Сев на коня, он приехал на место, назначенное Клодием. Конция уже кончилась, и взволнованная толпа расходилась, обсуждая речь вождя.
— Слышал, что он сказал? — говорил кривой раб простоволосой невольнице, — Бить господ, поджигать их дома, расхищать имущество!
— Он сказал, что сперва нужно убить Милона!
— Ты не поняла, — возразил гладиатор, отпущенный Цезарем на волю, — вот его слова: «Нужно убивать Милонов, которые нападают на нас». Это значит, что не только Милона, но и всех его приверженцев…
Бородатый иудей, с красными воспаленными глазами, с большими ножницами, прикрепленными к поясу, и иглой, торчавшей из шапки, покачал головою:
— Убивать — легко сказать. Но на их стороне сила: власть, деньги и легионы… Нет, убивать единицы, которых сменят другие, то же, что раздавить клопа: на его запах приползут десятки других…
Увидев Клодия, Сальвий подошел к нему. Решено было заночевать в придорожной гостинице, а утром уехать: Клодию — в Рим, а Сальвию — в окрестности, где он должен был навербовать побольше сторонников.
Садясь чуть свет на коня, Клодий говорил:
— Набирай плебеев, пролетариев, рабов и веди в Субурру. Там распределишь их по декурням и центуриям.
— Вождь, не лучше ли тебе подождать меня? Милон разъярен, людей у него много, а с тобой — несколько человек…
— От судьбы своей не уйдешь, — возразил Клодий, и на аполлоноподобном лице его выступили морщины.
Они расстались, и Клодий поскакал по дороге в Рим.
Светало. В утреннем воздухе звуки приобретали особенную четкость и яркость: голоса торговок зеленью, погонщиков ослов, песни кутил доносились из прилегавших улиц. Лошадь Клодия бежала рысью, за ним следовал небольшой отряд. Люди переговаривались между собой и шутили.

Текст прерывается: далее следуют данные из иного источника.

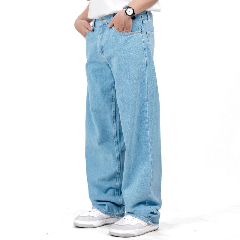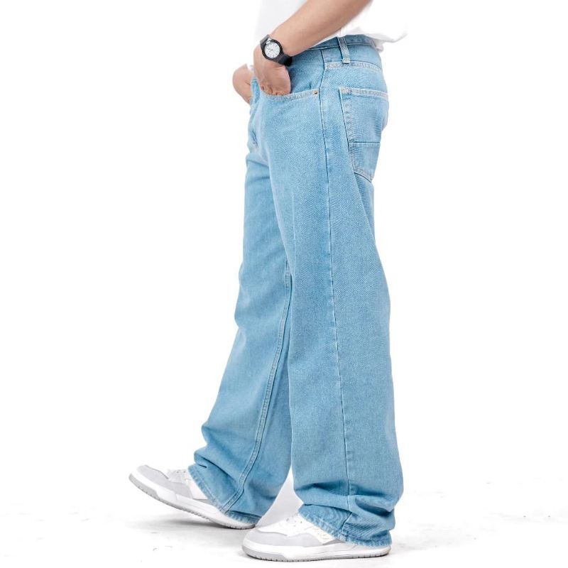 Celana Jeans Pria Baggy Pants Korean Style Oversize Straight Loose Blue Reguler Fit Wide Leg

Вдруг лошадь Клодия навострила уши — из-за углового трехэтажного дома вылетели всадники с мечами наголо, и впереди мчался муж свирепой наружности, с мрачно-злыми глазами и нависшими бровями.
«Милон, — подумал Клодий, — злодей выследил меня…»
Выхватив меч, он приказал отряду приготовиться к бою. Но уже аристократы с громкими криками налетели на растерявшихся людей и дружно заработали мечами.
Отряд был мгновенно смят. Клодий, уклоняясь от ударов рослого всадника, отступал к ограде сада. И вдруг, изловчившись, взмахнул мечом — всадник завопил, схватив рукой обоюдоострое лезвие, проникавшее в грудь. В это мгновение Клодий почувствовал резкую боль в боку, и, выдернув меч из груди всадника, обернулся: перед ним был Милон. Клодий успел увидеть ощеренные зубы, злобные глаза вождя аристократов и, падая с лошади, услышал яростный голос:
— Добить его!
Боли он не испытывал, только после каждого удара, потрясавшего тело, опутывала вязкая слабость, руки и йоги деревенели. А потом всё потемнело, точно он провалился в черную яму.
К вечеру Сальвий проезжал с новобранцами по этой дороге. На улице лежали неубранные трупы, и лошади шли осторожно, похрапывая и прядая ушами. Изрубленный Клодий лежал почти рядом с рослым оптиматом. Сальвий сразу узнал вождя и, спешившись, приказал оцепить место боя, а Клодия уложить на носилки и нести на форум. Он не сомневался, что убийство — дело рук Милона, и обдумывал, как отомстить злодею.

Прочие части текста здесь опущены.